In 2016, the WHO launched the R&D Blueprint and in so doing took on a new leadership role in accelerating and coordinating emergency research and product development (Moon et al. 2015; Mehand et al. 2018). The successive reformulation of protocols for emergency R&D as part of that agenda suggests that those norms are fluid and evolving. The EUAL, now EUL, continues to make emergencies doable in particular ways, even if only in showing the limitations of certain courses of international action and in providing a forum for a more inclusive ethical debate. But for the R&D blueprint to make good on that democratic promise, pregiven assumptions about needs and goals must not overdetermine whose voices are heard and whose expertise is sought. As Melissa Leach and colleagues have forcefully argued, acknowledging and managing uncertainty in public health emergencies requires “project and programme styles that emphasise learning, iterative adaptation, flexible action and equitable relationships amongst diverse actors [that] need to move from the margins to centre-stage” (Leach et al. 2021, 6).
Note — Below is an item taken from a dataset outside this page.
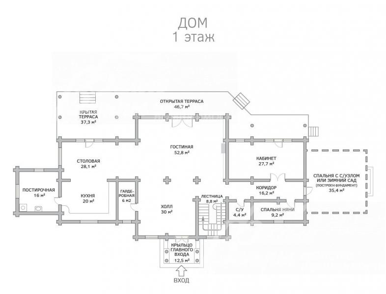 1-ый этаж: Крыльцо 13 кв.м, холл-прихожая 30 кв.м с гардеробной 6 кв.м, двусветная гостиная 53 кв.м с камином и выходом на открытую террасу 47 кв.м, столовая 28 кв.м с выходом на крытую террасу 37 кв.м, кухня 20 кв.м, лестничный холл 9 кв.м, коридор 16 кв.м, кабинет-спальня 28 кв.м, спальня няни/гувернантки, с/узел, постирочная 16 кв.м и зимний сад или спальня со своим санузлом 35,4 кв.м (построен фундамент и подведены коммуникации все)

A more tolerable and supple emergency science would not be defined within the narrow purview of which products best suit preestablished technical needs but would instead start with a reflexive and inclusive discussion about how diagnostic needs might be defined; who and what diagnostics are for; and how those needs might fluctuate and change. Put differently, rather than create legal silos of regulatory attention around artificial and fixed diagnostic objects, the EUAL attends to the “spaces in-between” the current regulatory environment for health R&D (Laurie 2017). That liminality, we show, is a crucial legacy of the Ebola outbreak for the WHO, an organization whose limited power to compel or enforce guidance puts it in the unique position to expand global health governance to a far wider range of actors, not only product developers or manufacturers but research, national, and local officials, laboratory experts, and health workers on the front line of emergency response.